___ INPUT DATA

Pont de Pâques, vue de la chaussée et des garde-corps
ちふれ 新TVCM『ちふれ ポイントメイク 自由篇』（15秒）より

______
___ INPUT DATA

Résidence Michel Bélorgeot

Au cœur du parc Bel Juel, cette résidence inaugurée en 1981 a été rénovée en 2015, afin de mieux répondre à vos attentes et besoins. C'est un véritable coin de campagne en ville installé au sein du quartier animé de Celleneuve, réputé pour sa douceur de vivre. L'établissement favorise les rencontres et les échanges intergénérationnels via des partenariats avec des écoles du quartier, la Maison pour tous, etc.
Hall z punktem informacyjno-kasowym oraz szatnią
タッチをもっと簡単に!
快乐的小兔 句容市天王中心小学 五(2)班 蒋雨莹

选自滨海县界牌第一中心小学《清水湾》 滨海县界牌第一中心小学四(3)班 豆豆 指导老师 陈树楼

______

Both the line containing "Hall z punktem" and the line containing "选自滨海县界牌第一中心小学《清水湾》 滨海县界牌第一中心小学四(3)班 豆豆" belong in the answer. Print them and every line above that falls between them exactly, and no others.

▸ **RESPONSE TO THIS TASK**
Hall z punktem informacyjno-kasowym oraz szatnią
タッチをもっと簡単に!
快乐的小兔 句容市天王中心小学 五(2)班 蒋雨莹

选自滨海县界牌第一中心小学《清水湾》 滨海县界牌第一中心小学四(3)班 豆豆 指导老师 陈树楼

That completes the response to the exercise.